Последнее, что более-менее трезвым умом помнит Сигюн – звук каблуков о каменные ступеньки, вид на внутренний зал со второго этажа и ворчливый выкрик у барной стойки:
– Твою мать! Какого перца намешали в эту парашу?!
Все превращается в непрекращающийся экстаз: флирт, смех, абсолютно пошлые шутки, заигрывания, непристойные прикосновения, выпивка, поцелуи, секс, больше выпивки… И так снова и снова по порочному кругу.
Сигюн слышит свой смех на периферии сознания, свой совершенно несдержанный стон. Жестче. Провокационнее. Горячее. Быстрее. Больше. Она выгибается дугой, елозя ногами и сгребая ногтями простыни. Тело буквально пылает, трясясь в мелкой дрожи, глаза закатываются. И с видением «мертвой» ухмылки Сигюн просыпается.
Тупо таращится в потолок с тяжелым дыханием и жутким огнем между ног. За окном льется бодрая мелодия джаза – совершенно привычное явление для Нового Орлеана. Но не для отдаленных от центра апартаментов Сигюн. Она хмурится и резко садится. Тут же отчаянно пожелав себе сдохнуть. Почти хныча, хватается за, кажется, расколовшуюся надвое голову.
Сколько же она выпила с ним?!
Сигюн проводит языком по высохшим напрочь губам, чувствуя во рту поистине мерзотную смесь табака, алкоголя и… перца?! Ладно… куда важнее, что она абсолютно голая в чужой постели, а все вокруг – незнакомое. Совершенно. Сигюн не имеет абсолютно никакого представления, где она. Брови сходятся на переносице. Надо отсюда валить.
Валить, к сожалению, оказывается не так просто. Передвигаться, элементарно ходить тяжело – сколько раз они это сделали?.. Она глубоко надеется, что Локи хотя бы использовал презервативы… Но куда более насущный вопрос: это что, шутка?.. Этот скелет решил сделать из ее платья трофей?! Обычно парням для этого достаточно трусиков…

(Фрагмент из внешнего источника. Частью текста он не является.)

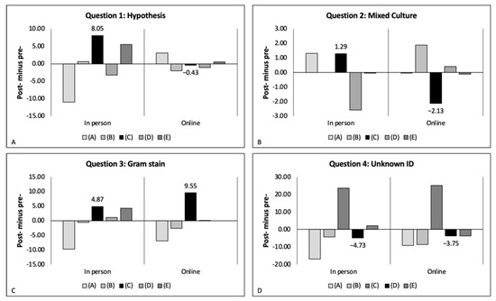 In the final written report for the BUIP, students are expected to provide their hypothesis; therefore, we surveyed whether students could select a correct hypothesis out of four provided options. While we observed no significant difference in the students’ improvement in identifying a correct hypothesis between the two semesters, there were still notable shifts (Figure 2A). Students in the in-person semester had an 8% improvement in their ability to identify a correct hypothesis when compared to students who completed the project online, where there was no change in student responses.
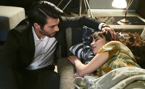 Can Yaman (Ferit) y Özge Gürel (Nazli) son los protagonistas de 'Dolunay (Luna llena)', serie turca que en España ha emitido Divinity. En la imagen vemos a Ferit acariciando la cabeza de Nazli y observando como duerme.
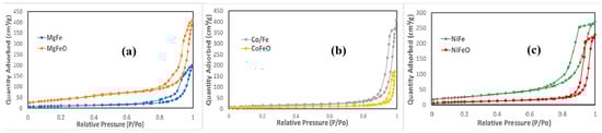 Figure 8 shows the adsorption–desorption isotherms of N2, in which the type III isotherm shape was identified according to the IUPAC classification []. All materials show an H3-type hysteresis loop, indicating capillary condensation during the process. Table 6 summarizes the BET area and pore volume values obtained. In this study, materials in oxide form containing two different types of oxides, such as the spinel phase (CoFe2O4 and NiFe2O4) and the respective oxides of divalent metal (Co3O4 and NiO), presented a decrease in surface area and pore volume. This behavior supports what has been reported in the literature, which suggests that the sintering of the oxides to form the spinel phase causes such a reduction []. However, the Mg-based material exhibited different behaviors. The heated derivative increased both the pore area and pore volume. This material did not present the spinel phase (MgFe2O4), which influences the surface area of the obtained material, a phenomenon that has also been reported in previous studies.
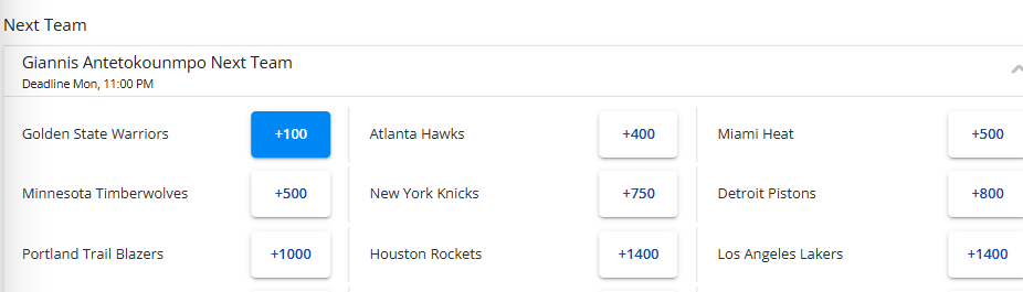 字母哥最新的赔率如下:1.勇士(+100)、2.老鹰(+400)、3.热火、森林狼(+500)、5.尼克斯(+750)、6.活塞(+800)、7.开拓者(+1000)、8.火箭、湖人(+1400)。
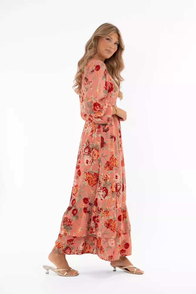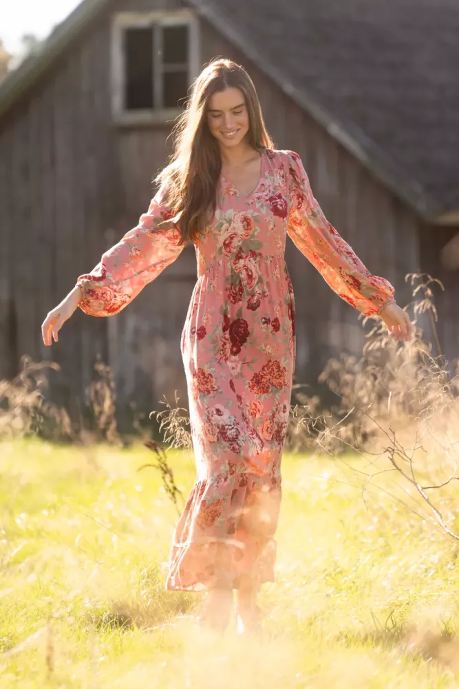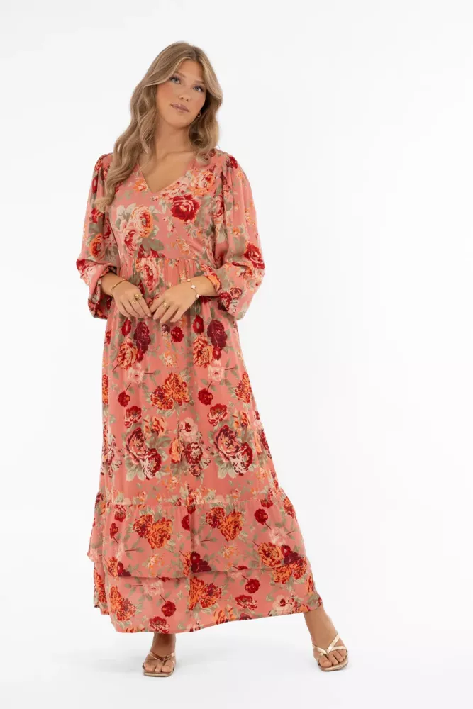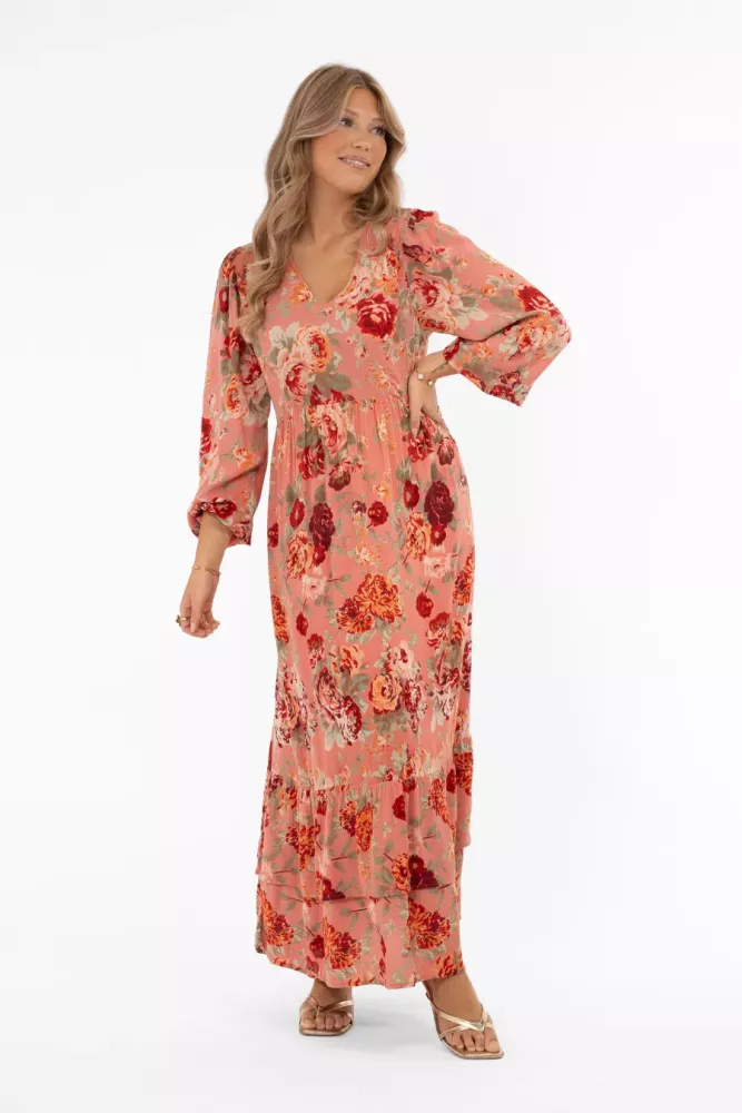 Ambrosia Klänning – en feminin v-ringad blommig klänning med hellånga ärmar och volang i nederkant
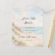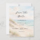 A watercolored sandy beach, sand dunes, ocean waves background. Personalize and add a date and your names. The text: Save the Date is written with a large trendy hand lettered style script.
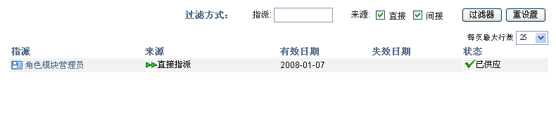 注:“角色名称”过滤器不限制从身份库中返回的对象数量。只是根据过滤准则限制页面上显示的对象数。其他过滤器(如“状态”)则限制从身份库返回的对象数量。
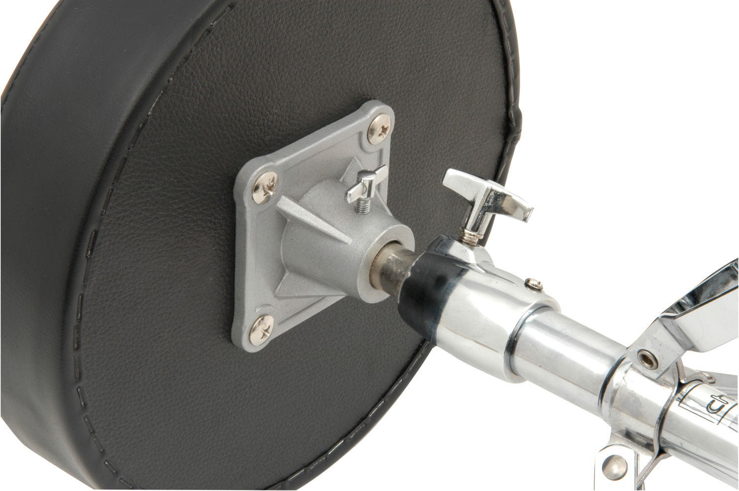 Heavy duty drum thrones with deep padded seats and black vinyl covering. Folding double-braced tripod base with screw-style height adjustment.
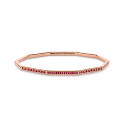 Nine-sided, 18K rose gold bangle set with micro pavé rubies.
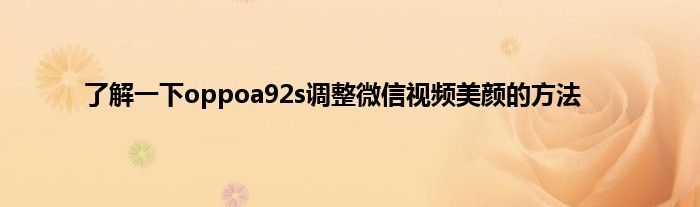 现在大家使用手机的频率越来越频繁,手机也为我们提供了许多的便利,今天小编也来说一下这个了解一下oppoa92s调整微信视频美颜的方法相关的文章,这个操作其实不复杂,接下来就给大家介绍一下了解一下oppoa92s调整微信视频美颜的方法,一起来看看吧:
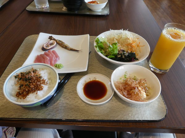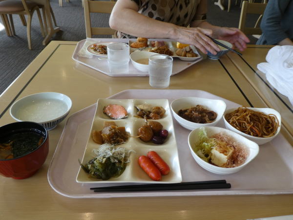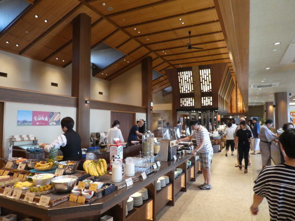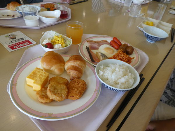 翌日、8月23日、2日目の朝食は夜と同じ一階レストランでバイキング。夏季合宿の団体さんが宿泊していて一般宿泊者は少数だったが、バイキングは北海道産の食材が豊富にならび充分美味しくいただく。 |
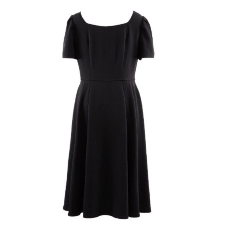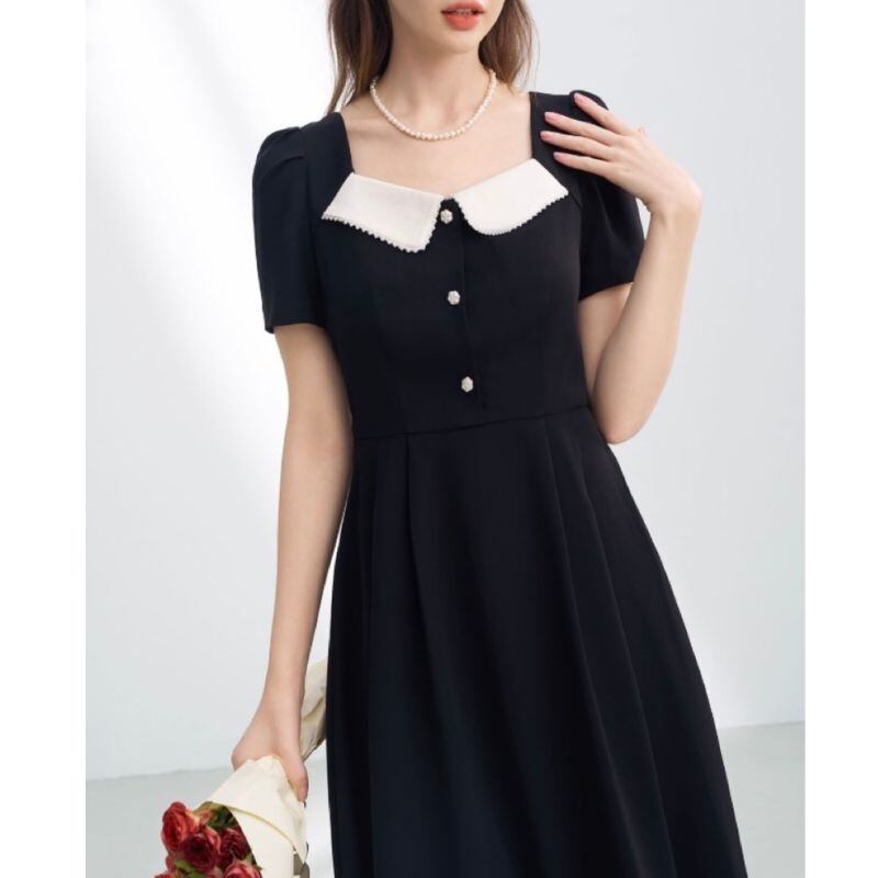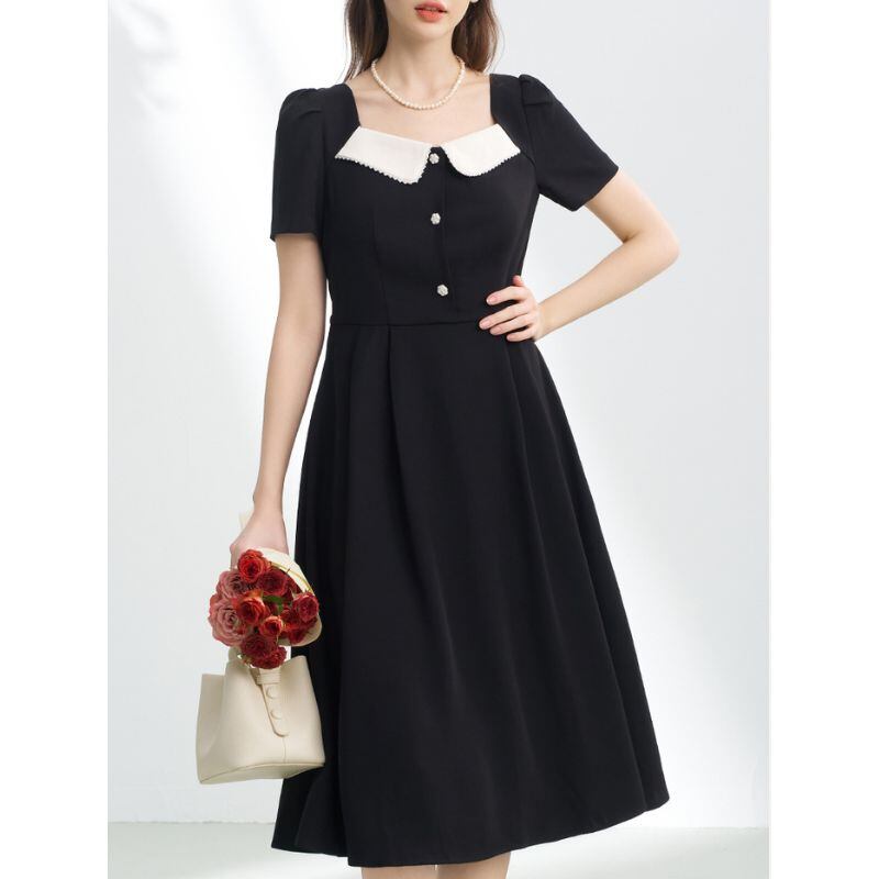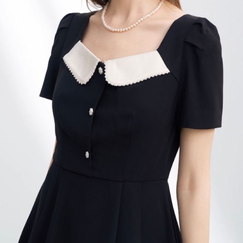 スカラップ仕立ての襟元とパール調ボタンが上品に映えるバイカラーワンピース。フィット&フレアの美しいシルエットが、女性らしさを引き立てます。シンプルながらもディテールにこだわったデザインで、フォーマルからデートシーンまで幅広く活躍する一着です。
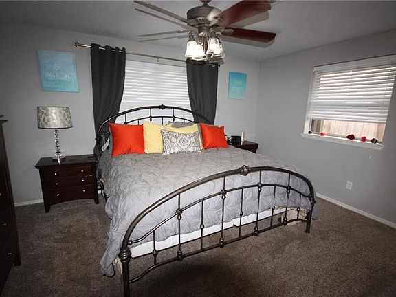 Great starter home in quiet neighborhood. From the cozy front porch you will feel right at home here. Updates throughout include granite countertops, new heating unit, hot water tank and fresh paint. Spacious master bedroom. Inside utility; Huge backyard includes outdoor storm cellar, outbuilding and covered patio. Carpet allowance; Location, location, location....Close to schools, shopping and highways.
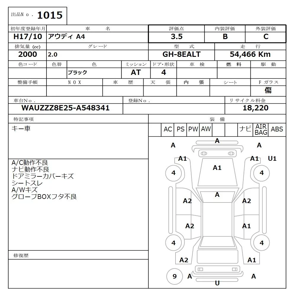 Audi A4 с аукциона Японии NISSAN Osaka лот № 1015
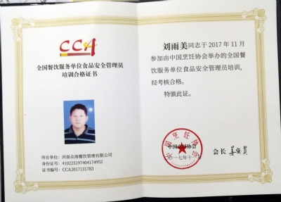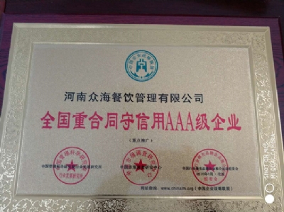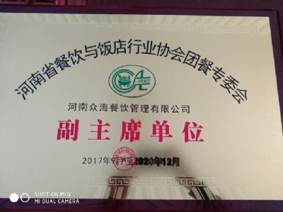 • 18-02-10熱烈祝賀河南眾海餐飲管理有限公司榮獲河南餐飲與飯店協(xié)會(huì)團(tuán)餐委

Сигюн остервенело расчесывает рыже-красные свалявшиеся в паклю волосы, когда Джейн – ее слегка странная спасительница на это утро, отпоившая травяным настоем, что снял все похмелье, и одолжившая одежду – неожиданно мертвой хваткой цепляется за предплечье. Сигюн вздрагивает, инстинктивно опуская взгляд вниз. И изо рта вылетает опешившее:
– Что за..?
Черный крест на плече, которого еще вчера не было. Она выдергивает руку, трет кулаком рисунок. И. Ни. Черта.
Джейн бурчит под нос удивленно-напуганное:
– Он не должен был быть здесь… – и на немой вопрос отвечает: – Он отметил тебя.
– Кто «он»? Ты о чем?.. – Сигюн выворачивает вентиль горячей воды, смачивает руку, выдавливает на ладонь жидкое мыло. И – нет… Глубоко внутри поселяется раздражение. – Как это смыть теперь?!
Джейн флегматично пожимает плечами.
– Никак.
Сигюн замирает. Резко вскидывает взгляд на предельно-серьезную новую знакомую. Брови нахмурены, длинные черные ногти нервно отстукивают такт по рукаву свободного миди-платья. Длинная золотая серьга звенит, касаясь бус у плеча, стоит голове дернуться.
Это отрезвляет. Сигюн закипает:
– В смысле «никак»? Это же не тату. Она за ночь не заживает!
– Это метка лоа, – с какой-то ироничной насмешкой бросает Джейн. – И только тот лоа, который поставил метку, может ее снять. Ты ничего не знаешь об этом, правда?
У Сигюн внезапно сформировывается мысль, что не давала покоя, стоило девушкам встретиться. Это количество украшений, этот цветастый тюрбан…
Джейн – жрица вуду.
***
Сигюн зла. Зла совершенно до невозможности. Ей навешали на уши какой-то лапши, пытаясь втянуть в какую-то секту. Просто замечательно. Превосходно. Ах, да! Вишенка на торте – с их «богом» она, кажется, переспала.
Великолепно!
Сигюн с рыком швыряет бесполезную губку в раковину. Спирт, ацетон, бензин, скипидар, масло – все, варианты из интернета закончились. А чертов крест с предплечья так и не вывелся. Только кожа покраснела и вспучилась.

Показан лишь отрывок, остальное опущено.